Спасение от того внутреннего смерча, который крутит этих “падших” героинь, становится возможным лишь в надежде на “прекрасного принца”, который “все поймет, все простит”. В качестве такового и является к ним блаженный князь Мышкин, “идиот”, или безвинный страдалец Митя Карамазов, принимающий на себя наказание за чужой грех, или, на худой конец, Маврикий Николаевич... Однако и их, этих гонцов небесной всепрощающей любви, надо заслужить страданием и искуплением. Без этого искупления они — только светлый призрак, тающий и ускользающий, мечта, фантом, за которым — нож Парфена Рогожина, бесславная гибель на пепелище.

Именно здесь, в этой точке решается судьба русской героини, здесь рождаются все “потому-то”: потому-то и погибает прекрасная Настасья Филипповна, умирает забитая насмерть Лиза Дроздова, не поверившие в возможность этого искупления.

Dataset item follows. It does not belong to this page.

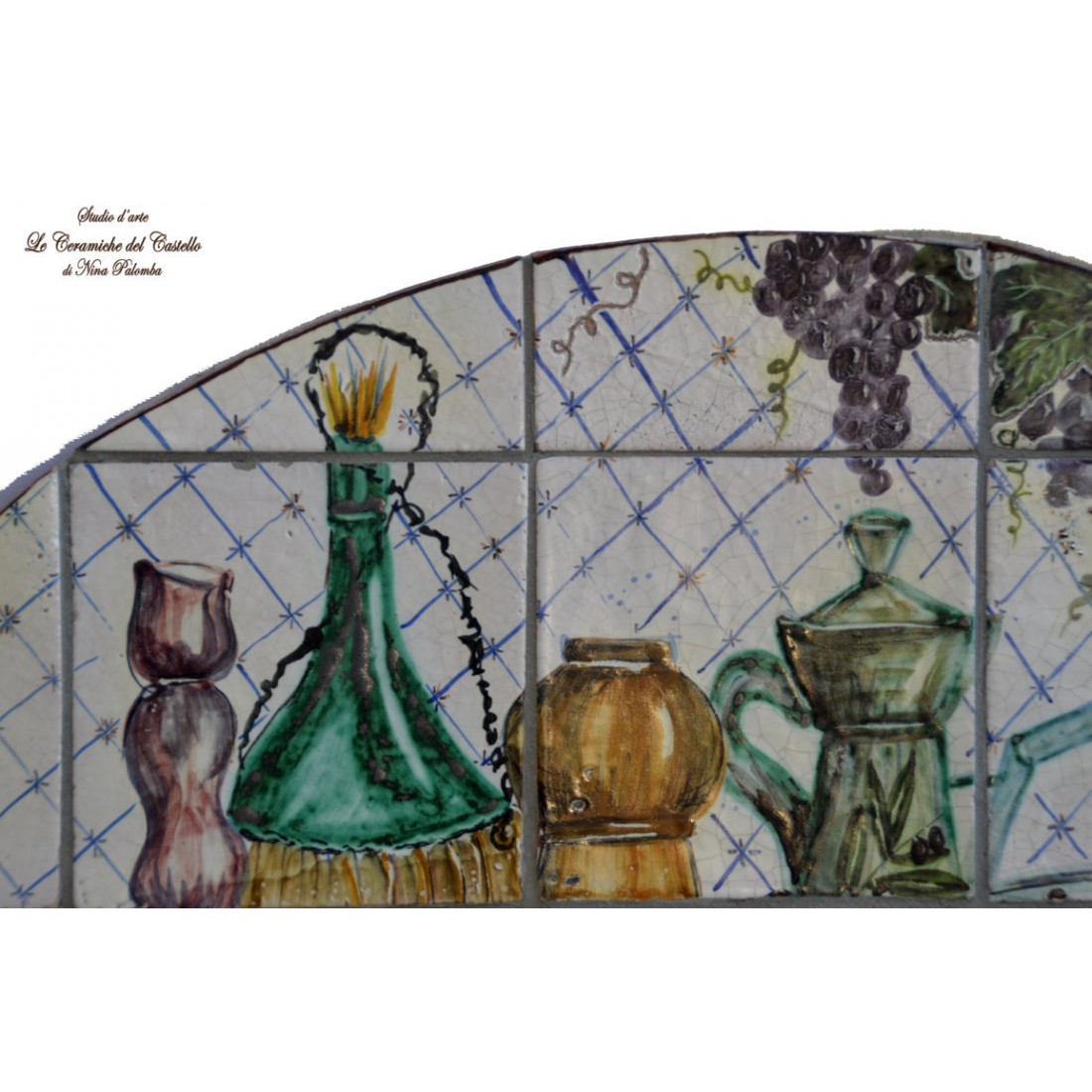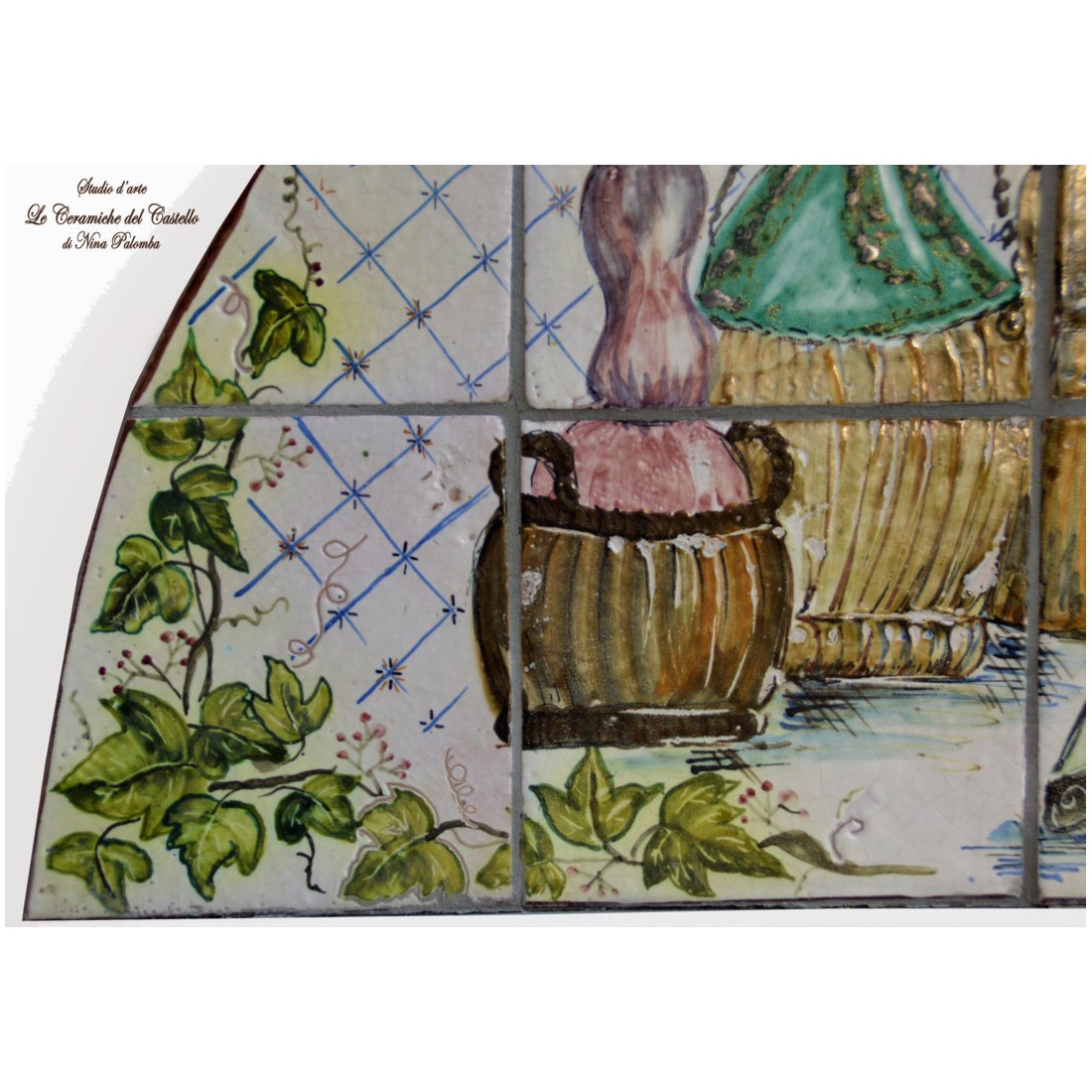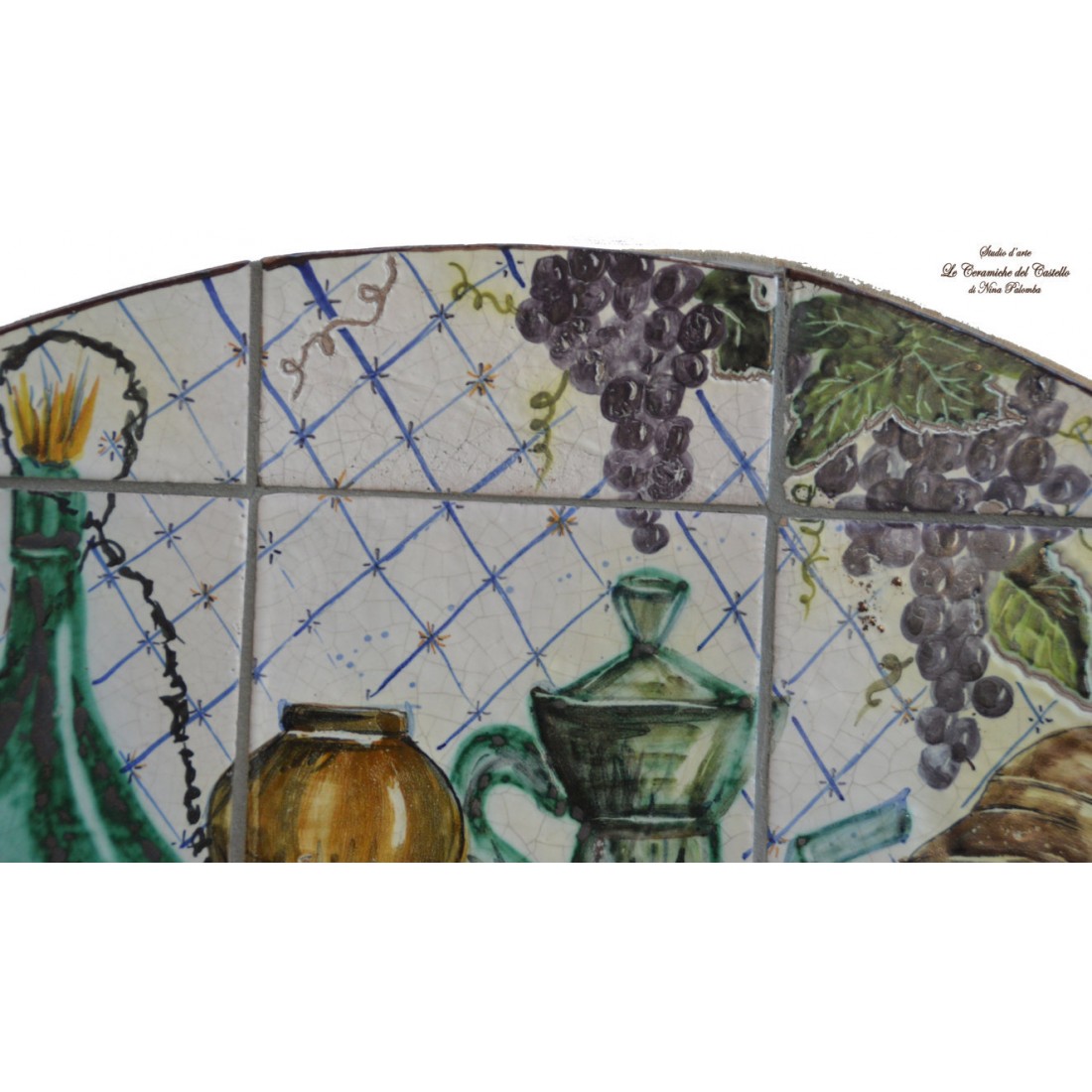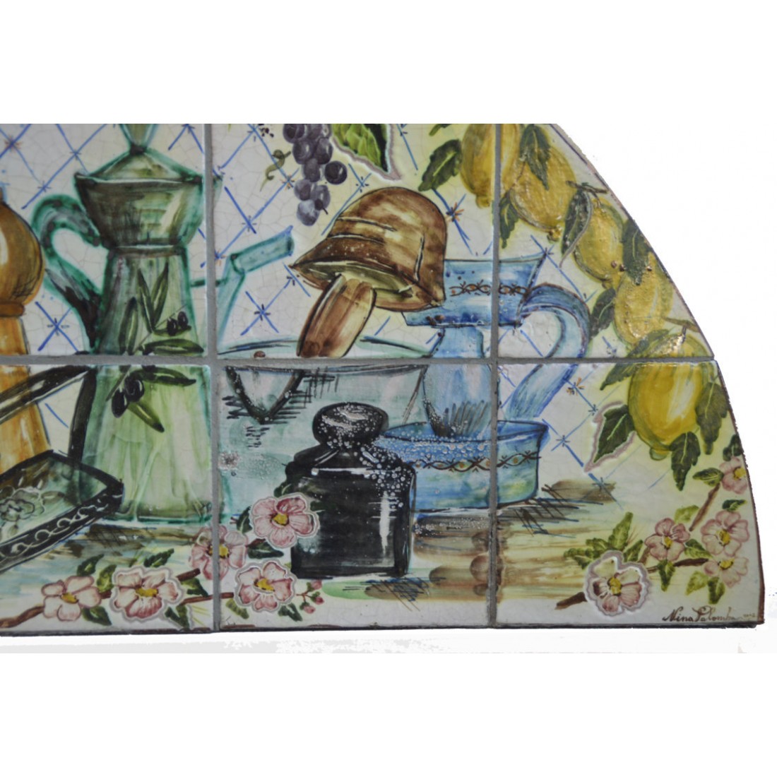 Il Pannello decorativo - Natura Morta è realizzato e dipinto a mano da "Le Ceramiche del Castello di Nina Palomba" con materie prime di esclusiva origine italiana.

Но потому-то и отправляется вслед за Митей на каторгу счастливая Грушенька, приговаривает себя к той же каторге “святая блудница” Соня Мармеладова, желающая пострадать вместе с убийцей Раскольниковым и тем искупить собственный грех. По той же причине торопится туда герой “Воскресения” Л. Толстого – Нехлюдов, чтобы разделить возмездие вместе с обесчещенной им и осужденной за проституцию Катюшей Масловой.

Каторга в русской литературе, впрочем, как и в русской жизни, – нечто, вроде евангельской купальни, в которой омываются грехи, наступает прозрение и совершается душевное исцеление. Но это — особая тема.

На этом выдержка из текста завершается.